*** DATASET CONTENT Section Begins ***

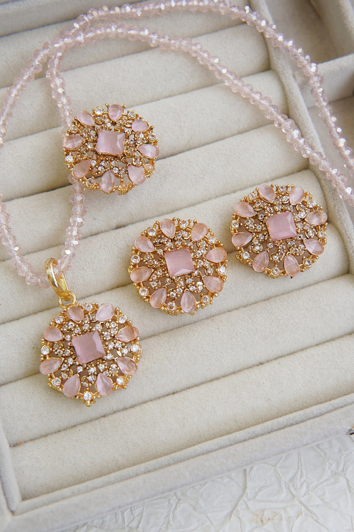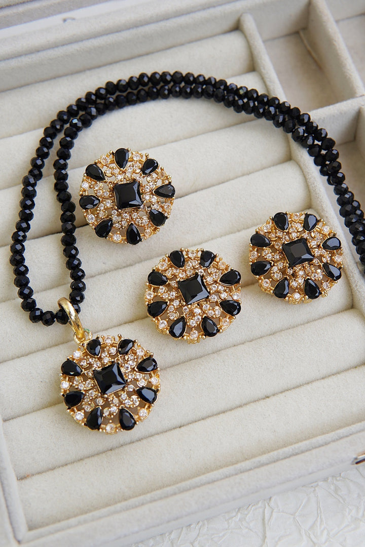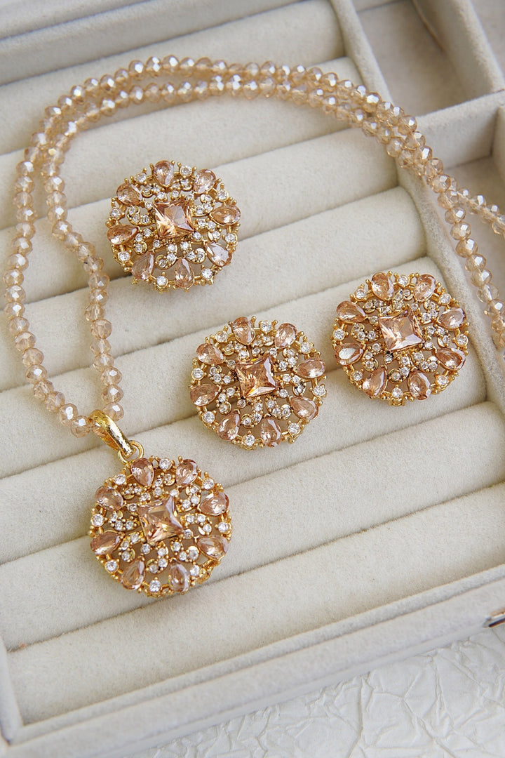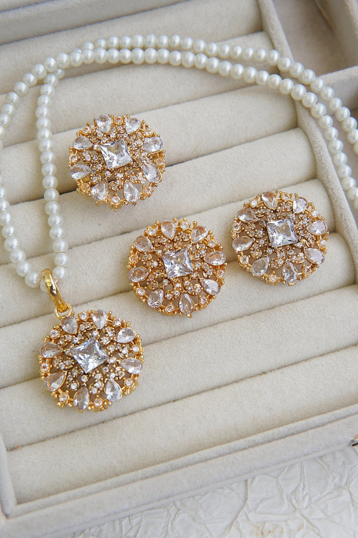 Experience elegance and durability with our Zirconia Stones Combo Set. The golden plating adds a touch of luxury, while the copper casting material ensures a lasting shine. This beautiful set includes a locked necklace and adjustable ring, perfect for any occasion. Complete your look with high-quality finishing and be the envy of all.
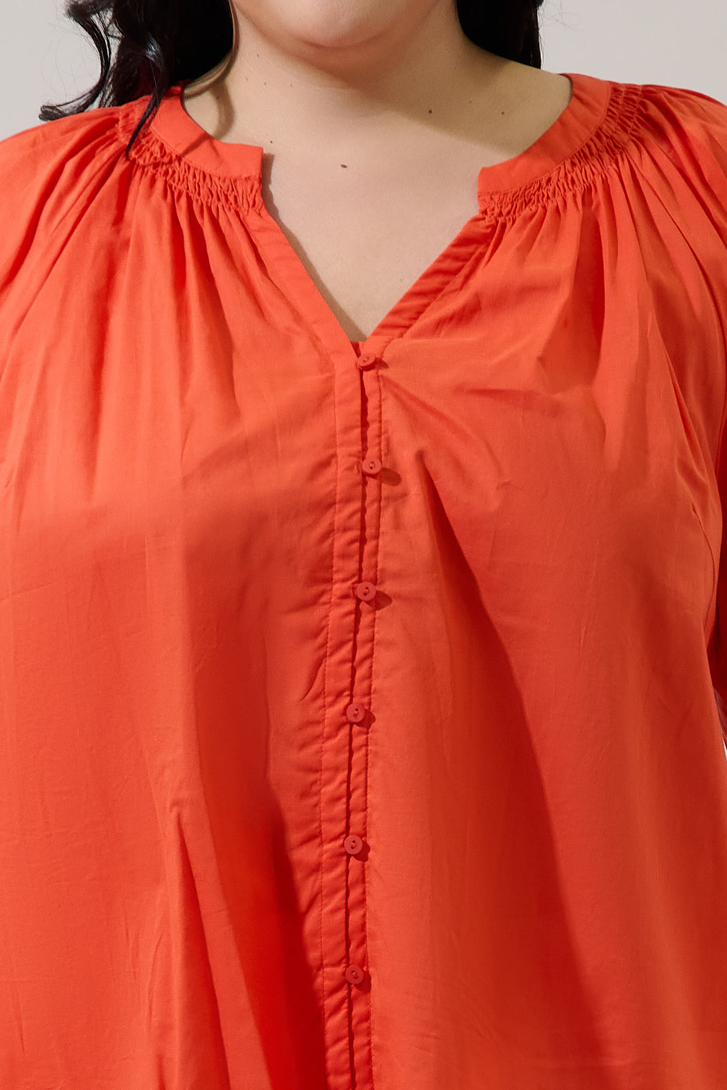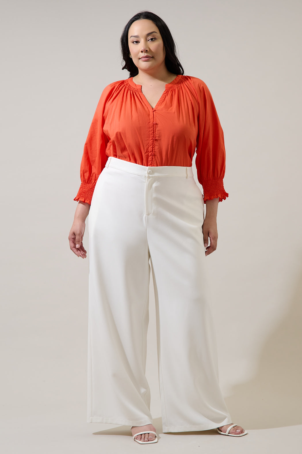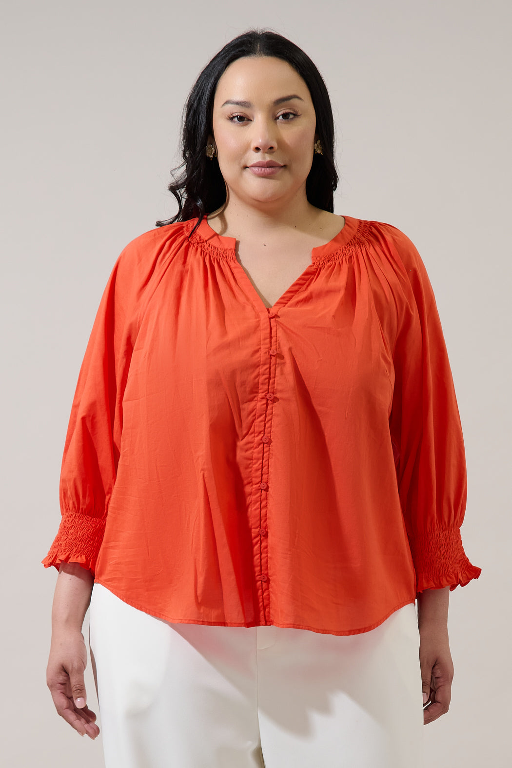 Unleash your inner style icon with the must have top of the season! It features a soft, breathable fabric and a button down front with a V-neck. The long sleeves have a smocked band at the end. Complete the look by pairing it with high waisted denim for a weekend outing.
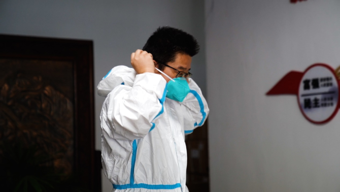 孫廉正在穿防護(hù)服(央廣網(wǎng)發(fā) 受訪者供圖)
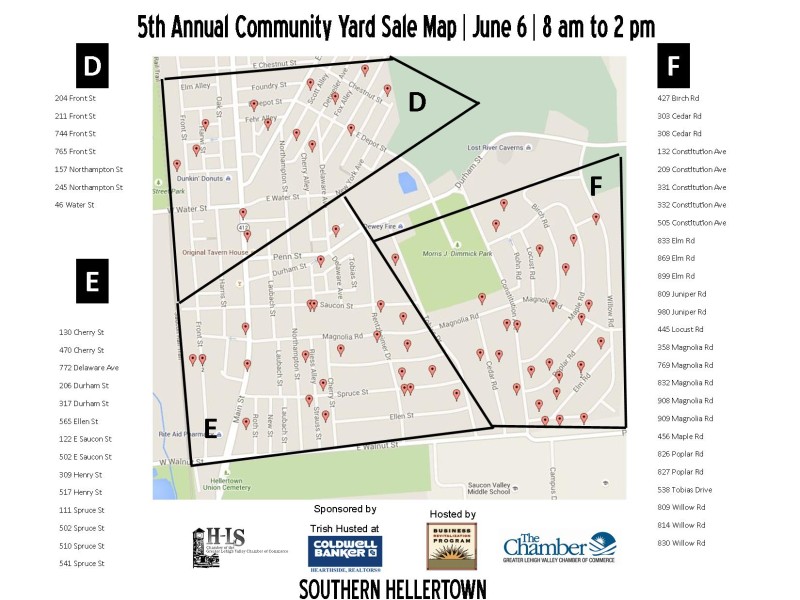 The Hellertown Community Yard Sale is sponsored by Trish Husted of Coldwell Banker Hearthside Realtors, Hellertown.
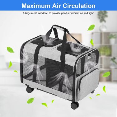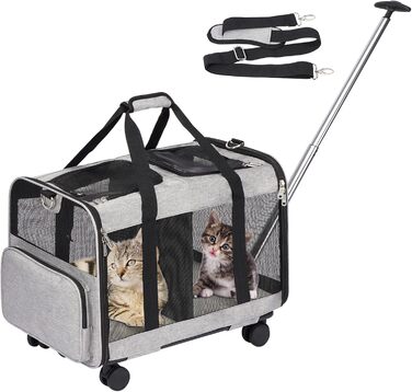 Транспортна сумка FASNATI з двома відділеннями та знімною тележкою для котів і собак, переноска на колесах для двох тварин, добре вентильована, ідеальна для подорожей, прогулянок і кемпінгу, сіра
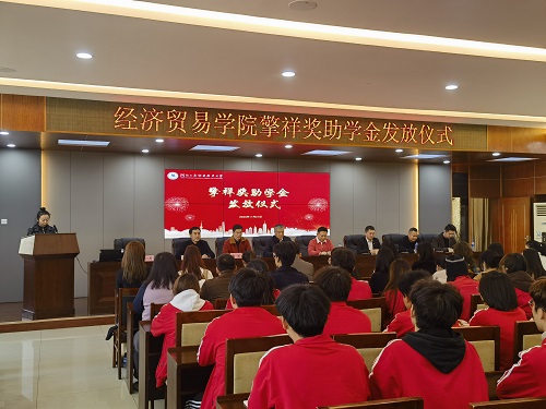 2024年11月21日,我校经济贸易学院与擎祥能源科技集团联合举办“擎祥奖助学金”发放仪式,旨在支持优秀学子完成学业并深化校企合作。擎祥能源科技集团董事长季小军,集团总裁洪赟,集团副总裁、河北民营企业促进会会长李志彦,集团副总裁、首席新闻官王润迪与经济贸易学院领导共同出席。
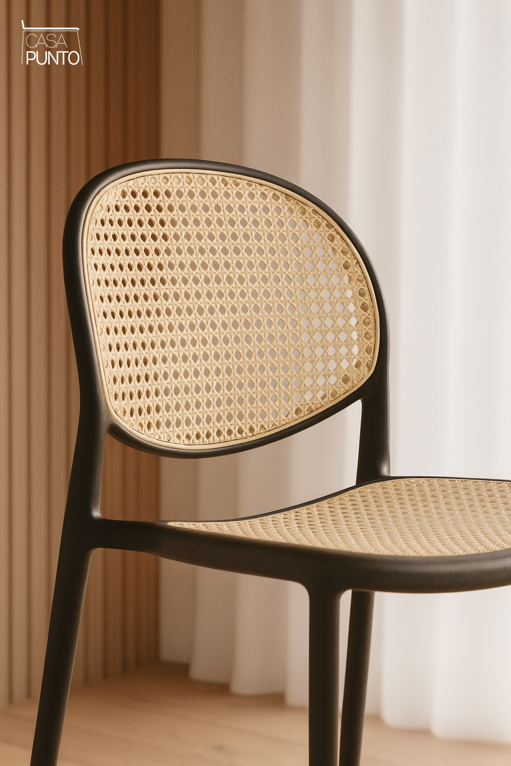 - El elegante respaldo tejido de ratán sintético crea una estética clásica de cafetería europea
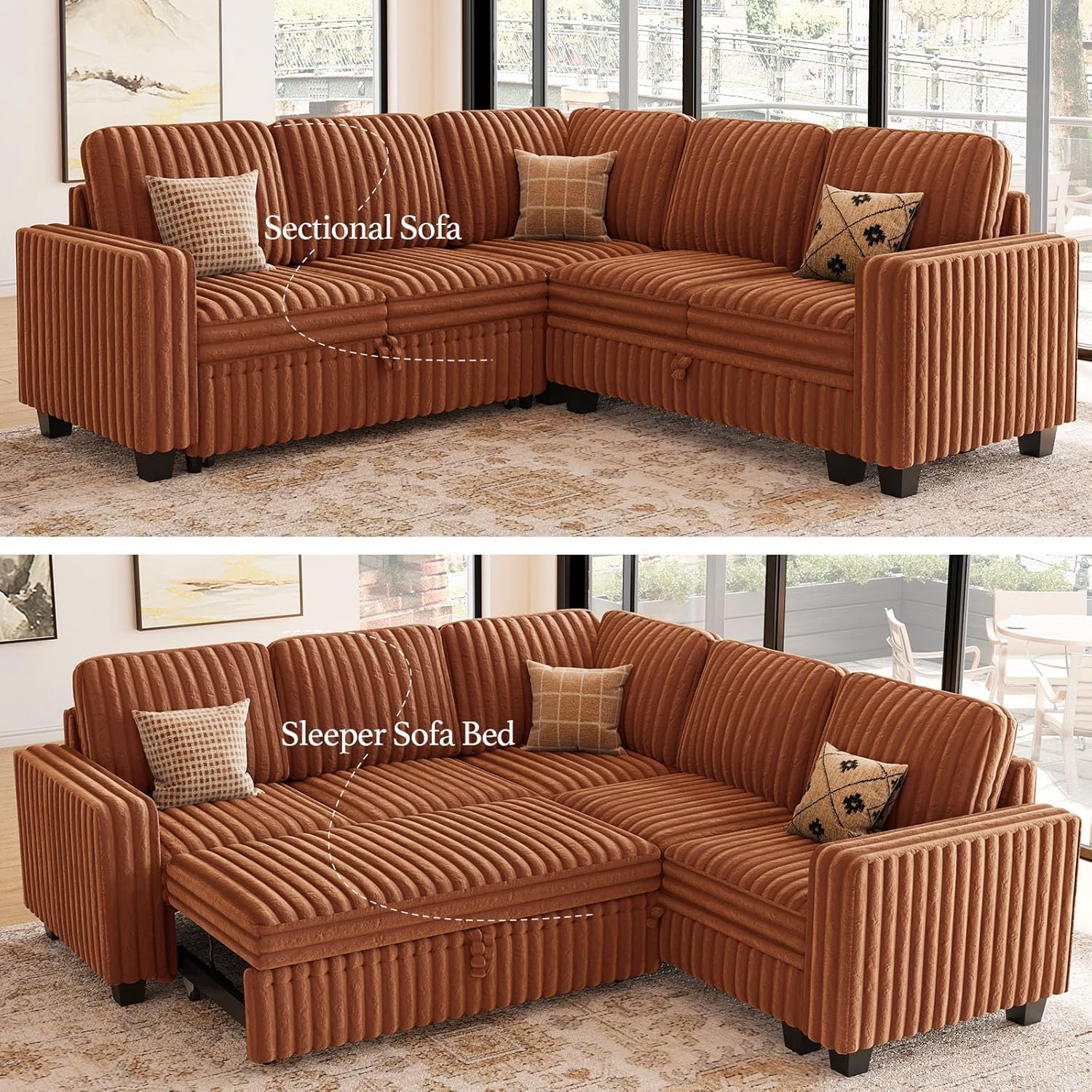 - Easy Assembly: Assembly of this modular sectional pull out sofa is effortless. The corduroy sectional sofa is conveniently packaged in 5 boxes, which may occasionally be delivered on separate days

*** DATASET CONTENT Section Ends ***

▶ **BRIEF**
The line that contains "Unleash your inner" opens the part to copy, and the last line of the records closes it; set down those lines exactly, pictures excluded.

▶ **TASK SOLUTION**
 Unleash your inner style icon with the must have top of the season! It features a soft, breathable fabric and a button down front with a V-neck. The long sleeves have a smocked band at the end. Complete the look by pairing it with high waisted denim for a weekend outing.
 孫廉正在穿防護(hù)服(央廣網(wǎng)發(fā) 受訪者供圖)
 The Hellertown Community Yard Sale is sponsored by Trish Husted of Coldwell Banker Hearthside Realtors, Hellertown.
 Транспортна сумка FASNATI з двома відділеннями та знімною тележкою для котів і собак, переноска на колесах для двох тварин, добре вентильована, ідеальна для подорожей, прогулянок і кемпінгу, сіра
 2024年11月21日,我校经济贸易学院与擎祥能源科技集团联合举办“擎祥奖助学金”发放仪式,旨在支持优秀学子完成学业并深化校企合作。擎祥能源科技集团董事长季小军,集团总裁洪赟,集团副总裁、河北民营企业促进会会长李志彦,集团副总裁、首席新闻官王润迪与经济贸易学院领导共同出席。
 - El elegante respaldo tejido de ratán sintético crea una estética clásica de cafetería europea
 - Easy Assembly: Assembly of this modular sectional pull out sofa is effortless. The corduroy sectional sofa is conveniently packaged in 5 boxes, which may occasionally be delivered on separate days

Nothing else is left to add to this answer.